** Assignment **
In the copy, keep every line below as it is and leave out the pictures.

** Recorded information **
______
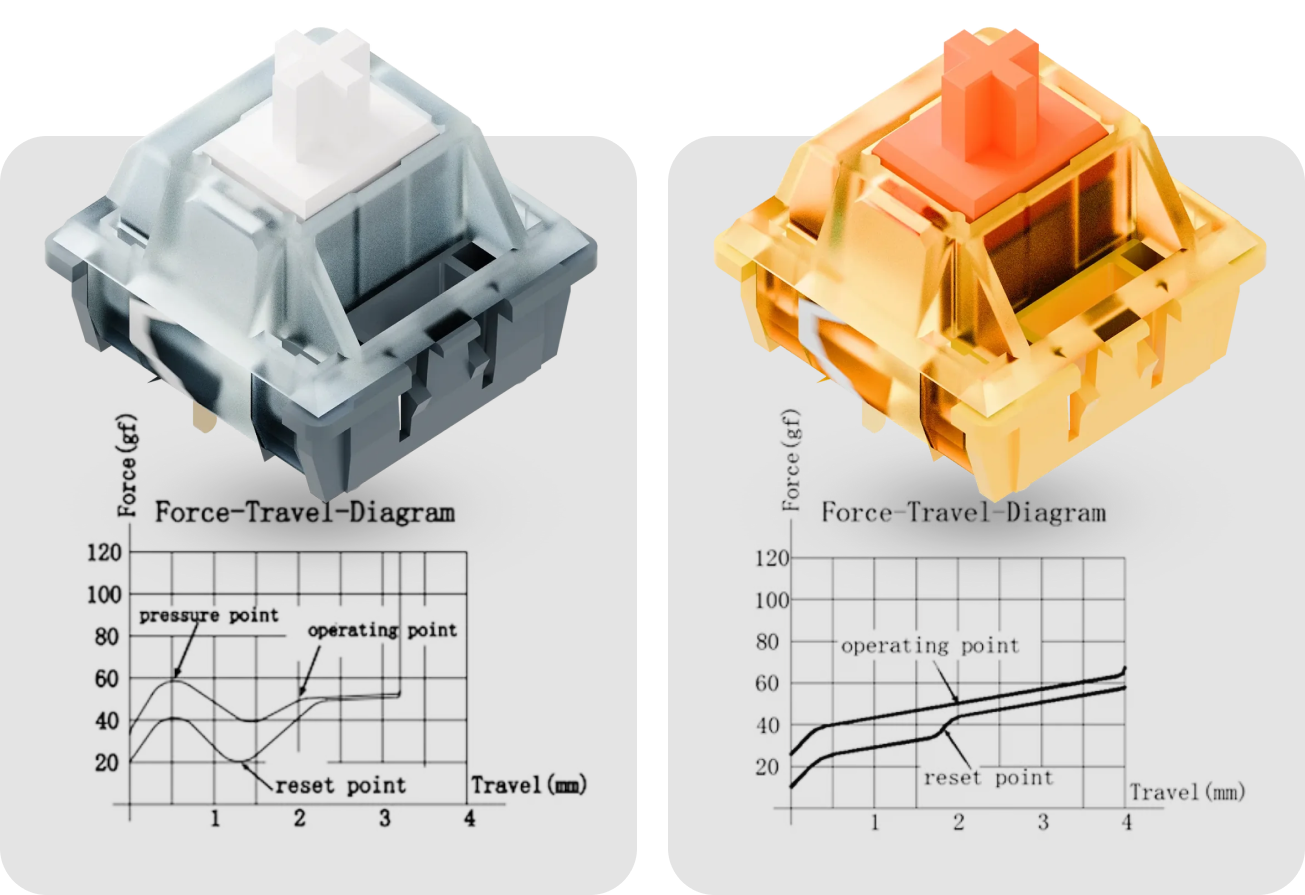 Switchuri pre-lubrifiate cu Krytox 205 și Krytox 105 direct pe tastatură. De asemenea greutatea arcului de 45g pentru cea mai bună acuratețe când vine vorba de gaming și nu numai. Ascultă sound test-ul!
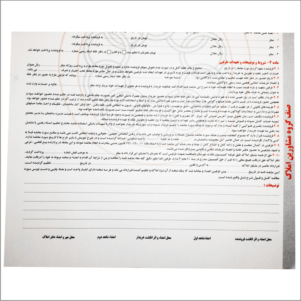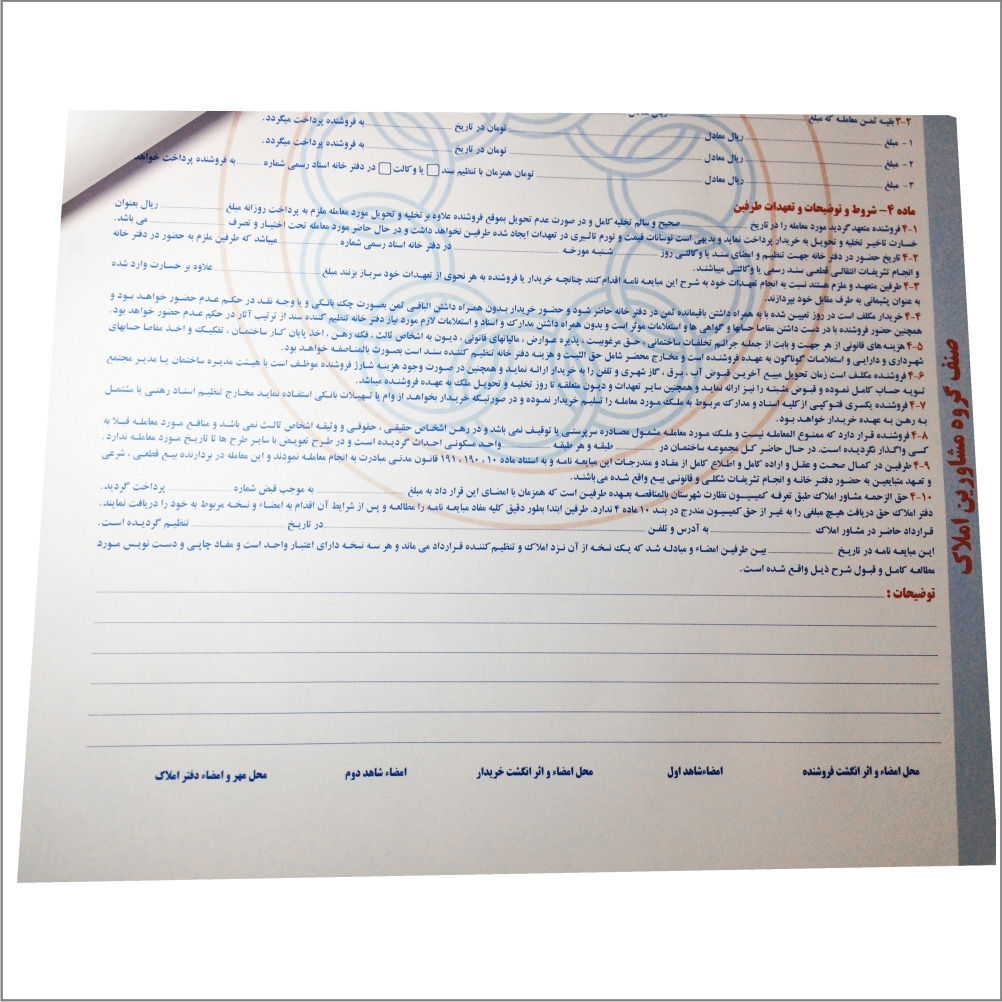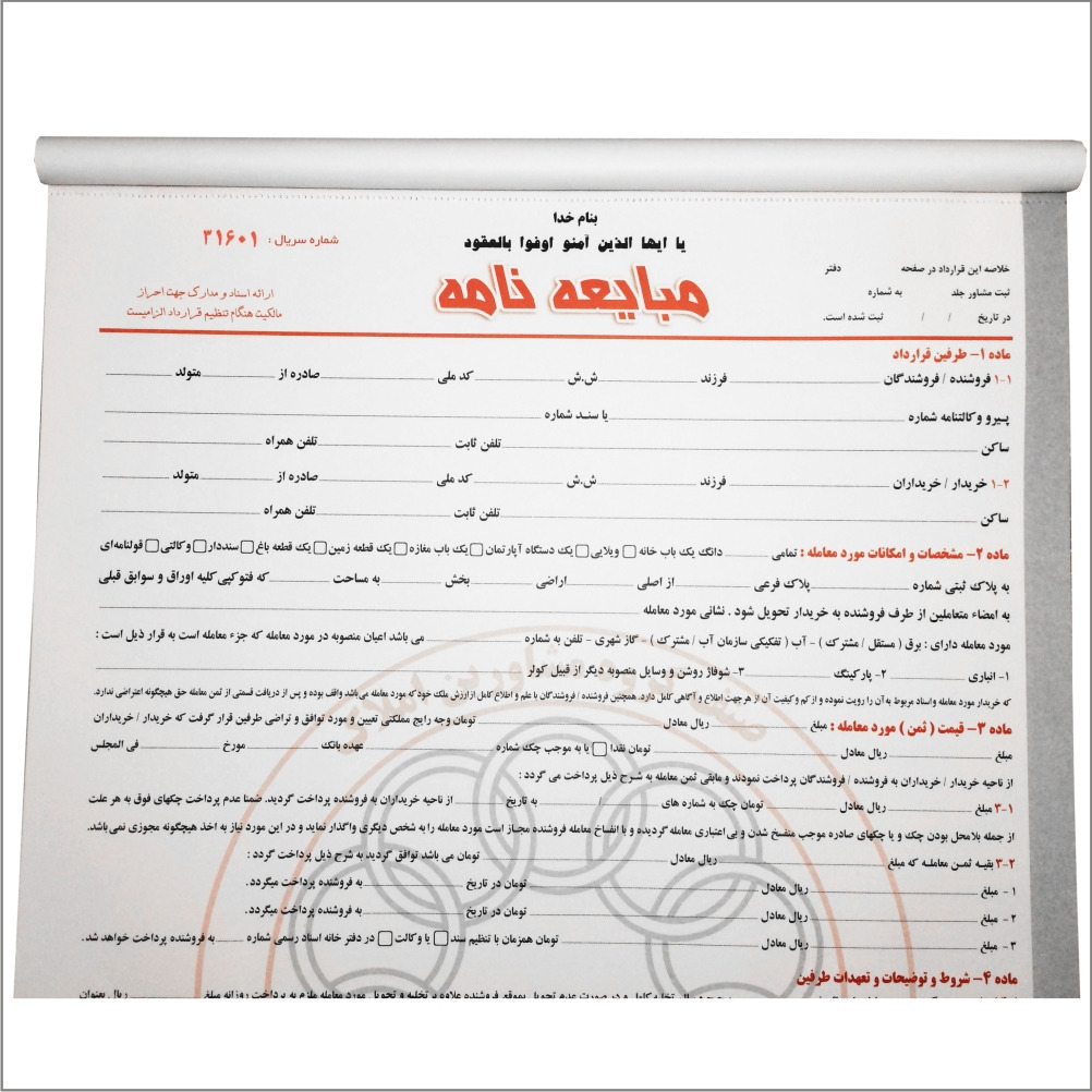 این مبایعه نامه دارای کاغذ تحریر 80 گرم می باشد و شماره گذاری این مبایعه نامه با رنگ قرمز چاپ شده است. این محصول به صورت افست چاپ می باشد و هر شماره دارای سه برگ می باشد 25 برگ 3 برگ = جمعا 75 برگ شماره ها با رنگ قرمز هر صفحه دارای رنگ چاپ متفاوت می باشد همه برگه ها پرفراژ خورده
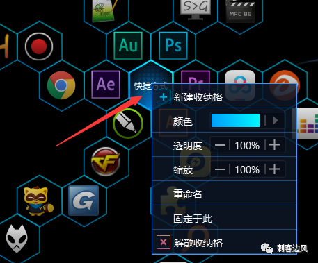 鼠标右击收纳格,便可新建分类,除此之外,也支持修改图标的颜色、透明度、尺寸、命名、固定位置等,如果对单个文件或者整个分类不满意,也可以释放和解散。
______
** Written answer **
 Switchuri pre-lubrifiate cu Krytox 205 și Krytox 105 direct pe tastatură. De asemenea greutatea arcului de 45g pentru cea mai bună acuratețe când vine vorba de gaming și nu numai. Ascultă sound test-ul!
 این مبایعه نامه دارای کاغذ تحریر 80 گرم می باشد و شماره گذاری این مبایعه نامه با رنگ قرمز چاپ شده است. این محصول به صورت افست چاپ می باشد و هر شماره دارای سه برگ می باشد 25 برگ 3 برگ = جمعا 75 برگ شماره ها با رنگ قرمز هر صفحه دارای رنگ چاپ متفاوت می باشد همه برگه ها پرفراژ خورده
 鼠标右击收纳格,便可新建分类,除此之外,也支持修改图标的颜色、透明度、尺寸、命名、固定位置等,如果对单个文件或者整个分类不满意,也可以释放和解散。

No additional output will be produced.